What do GHRP-2, GHRP-6, and Hexarelin have in common?

All three are synthetic hexapeptide growth-hormone-releasing peptides that act as agonists at the growth hormone secretagogue receptor type 1a (GHSR-1a), the same receptor whose endogenous ligand is ghrelin (Howard 1996; Kojima 1999). They share the Cyril Bowers GHRP research lineage and, in preclinical and clinical-research settings, stimulate pituitary GH secretion. Apex Laboratory supplies all three strictly as research-grade chemical reagents for in-vitro and preclinical use only.

How do the three peptides differ structurally?

They share a common hexapeptide framework but differ at position 2: GHRP-6 carries D-tryptophan, GHRP-2 carries D-2-naphthylalanine, and Hexarelin carries 2-methyl-tryptophan. These substitutions are associated with differences in receptor potency and metabolic stability reported in the research literature; Hexarelin’s 2-methyl-Trp was introduced specifically to enhance metabolic stability (Deghenghi 1994).

Which one is most associated with appetite stimulation in research?

GHRP-6 is the most noted for ghrelin-like appetite and food-intake stimulation; preclinical studies show central administration activates hypothalamic feeding centers (Lawrence 2002). GHRP-2 has also been shown in human research to increase food intake, consistent with its ghrelin-mimetic activity (Laferrere 2005).
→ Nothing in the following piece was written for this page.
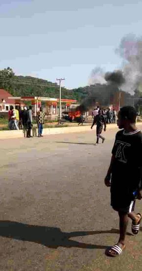 Angered by the shootings, the youths started demonstrating and set the military vehicle ablaze.

These are research findings, not claims about appetite effects in any clinical use.

Why is GHRP-2 described as a diagnostic agent?
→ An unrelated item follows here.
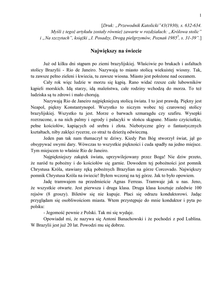 1 [Druk: „Przewodnik Katolicki”43(1930), s. 632-634. Myśli z tegoż artykułu zostały również zawarte w rozdziałach: „Królowa stolic” i „Na szczytach”, książki „I. Posadzy, Drogą pielgrzymów, Poznań 19855, s. 31-39”.] Największy na świecie Już od kilku dni stąpam po ziemi brazylijskiej. Właściwie po brukach i asfaltach stolicy Brazylii - Rio de Janeiro. Nazywają to miasto stolicą wiekuistej wiosny. Tak, tu zawsze pełno zieleni i kwiecia, tu zawsze wiosna. Miasto jest położone nad oceanem. Cały rok więc ludzie w morzu się kąpią. Rano widać rzesze całe lubowników kąpieli morskich. Idą starzy, idą maleństwa, całe rodziny wchodzą do morza. To też ludziska są tu zdrowi i mało chorują. Nazywają Rio de Janeiro najpiękniejszą stolicą świata. I to jest prawdą. Piękny jest Neapol, piękny Konstantynopol. Wszystko to niczym wobec tej czarownej stolicy brazylijskiej. Wszystko tu jest. Morze o barwach szmaragdu czy szafiru. Wysepki rozrzucone, a na nich palmy i ogrody i pałacyki w słońcu skąpane. Miasto czyściutkie, pełne kościołów, kapiących od srebra i złota. Niebotyczne góry o fantastycznych kształtach, niby zaklęci rycerze, co straż tu dzierżą odwieczną. Jeden pan tak nam tłumaczył te dziwy. Kiedy Pan Bóg stworzył świat, jął go obsypywać swymi dary. Wówczas to wszystkie piękności i cuda spadły na jedno miejsce. Tym miejscem to właśnie Rio de Janeiro. Najpiękniejszy zakątek świata, uprzywilejowany przez Boga! Nie dziw przeto, że naród tu pobożny i do kościołów się garnie. Dowodem tej pobożności jest pomnik Chrystusa Króla, stawiany ręką pobożnych Brazylian na górze Corcovado. Największy pomnik Chrystusa Króla na świecie! Byłem wczoraj na tej górze. Jak to było opowiem. Jadę tramwajem na przedmieście Agnas Ferreas. Tramwaje jak u nas. Jeno, że wszystkie otwarte. Jest pierwsza i druga klasa. Druga klasa kosztuje zaledwie 100 rejsów (8 groszy). Biletów się nie kupuje. Płaci się odrazu konduktorowi. Jadąc przyglądam się osobliwościom miasta. Wtem przystępuje do mnie konduktor i pyta po polsku: - Jegomość pewnie z Polski. Tak mi się wydaje. Opowiadał mi, że nazywa się Antoni Banachowski i że pochodzi z pod Lublina. W Brazylii jest już 20 lat. Powodzi mu się dobrze. 2 Dojeżdżamy do stacji końcowej. Stąd też wjeżdża osobna kolejka zębata na górę Corcovado. Jest jeszcze czas, więc chodzę sobie po ulicy. Staję przed małym sklepikiem z owocami. Leżą tam sterty całe bananów, ananasów i pomarańczy. Gospodarz mulat, pół biały, pół czarny zaprasza by wejść. Od razu podaje talerz i kładzie najpiękniejsze owoce na stole. - Jedz padre, jeżeli smakuje. Skorzystałem z zaproszenia. W końcu, kiedy chcę płacić, pieniędzy nie przyjmuje. - Był to dla mnie zaszczyt, odpowiada z uśmiechem. Co prawda takie owoce jak banany, pomarańcze kosztują tu grosze tylko. Nie widać ich też po sklepach większych ulic. To by nie uchodziło. Tam za to sprzedają egzotyczne owoce jak gruszki, jabłka - 50 groszy i więcej za sztukę. Siadamy do kolejki. Towa-[s. 632]rzystwo liczne. Przeważnie Anglicy i Francuzi. Powoli jedziemy w górę. Wspinamy się w licznych zakrętach po północnym, potem zachodnim zboczu góry. Z okienka wagonu widać na przemian to gęstą ścianę lasu, to znowu miasto i morze. Widok coraz piękniejszy. Las jakiś dziwnie odrębny. Palmy, mimozy, drzewa gumowe i żelazne o listkach drobnych jak u akacji. W słońcu wydawało się wszystko jakby utkane z płynnego złota. Do tego ta woń rozlicznych krzewów kwitnących i ziół. Nad tym wszystkim unoszą się wielkie motyle, co mają skrzydła pisane srebrem i złotem. Miasto coraz więcej maleje. Drapacze chmur, ogromne, kamienice, wydają się jak zabawki. A wyspy i góry pomniejsze! A ten ogromny ocean, po którym płyną wielkie okręty, wygląda jak staw maleńki. A my coraz wyżej pędzimy, coraz dalej w górę, 300, 400, 600 m. I jeszcze wyżej. Na wysokości 700 metrów stajemy. To szczyt góry Corcovado. Tu stawia Brazylia pomnik Chrystusowy. Ale co za pomnik! Wysokość jego wynosi 32 m. Rozpiętość ramion 12 m. Palec wskazujący prawej ręki przeszło l m. Pomnik już na wykończeniu. Pracuje tam kilkudziesięciu robotników. Ogromne żurawie wciągają do góry żelazo, cement, marmury. Święte oblicze już ukończone. Majestat, boskość bije z niego. Chrystus zwrócony jest w stronę miasta i oceanu. Ręce ma rozkrzyżowane, jakoby chciał wszystkich do siebie przygarnąć, co tam u jego stóp żyją i umierają. Twarz taka wyraźna, a usta takie żywe! Zdaje się nam, że za chwilę się otworzą i wypowiedzą owe boskie słowa: Pójdźcie do mnie wszyscy, którzy pracujecie i obciążeni jesteście, a ja was ochłodzę. 3 Później, po ukończeniu umieści się wzdłuż pomnika tysiące światełek, co świecić będą przez całą noc. Okrętom na pełnym morzu będzie ten Chrystus jaśniejący drogowskazem, a ludziom w mieście i w dalekiej dolinie przypomnieniem. Patrzymy przed siebie. Przed nami widok najpiękniejszy może na świecie. Stąd też twierdzą Brazyljanie, że szatan kusząc Chrystusa, przywiódł go właśnie na górę Corcovado i ukazywał mu wszystkie królestwa ziemskie. Gwar tu żaden nie dochodzi, ani szum morza, ani odgłos ludzki. Jeno żurawie żelazne skrzypią monotonnie. Chmury pachną i niesione lekkim wietrzykiem liżą nasze stopy. Milczymy, oniemieli potęgą i ogromem piękna. Raz po raz tylko bezwiednie z niektórych piersi wyrwie [s. 633] się głos: Oh, que c’est merveilleux - o jakie to cudowne. To znowu, jaki wielki jest Bóg! Naprawdę dobrze nam tu być! Chciałoby się w nieskończoność przedłużyć chwile pobytu. Ale słońce zapada. Szczyty gór pobliskich pala: się jak rubiny. Więc na pożegnanie klękamy u stóp Chrystusa, a z ust naszych płyną słowa modlitwy kapłańskiej: Królowi wieków, Nieśmiertelnemu B

In clinical research, GHRP-2 (pralmorelin) has been characterized as a pituitary GH-secretion provocative agent: it produces a robust GH rise in subjects with intact pituitary function and a markedly lower response in growth-hormone-deficient subjects (Chihara 2007). Its high GH-releasing potency was characterized in preclinical pharmacology (Furuta 2004). This use is described in the literature; Apex supplies GHRP-2 strictly as a research reagent, not as a diagnostic product.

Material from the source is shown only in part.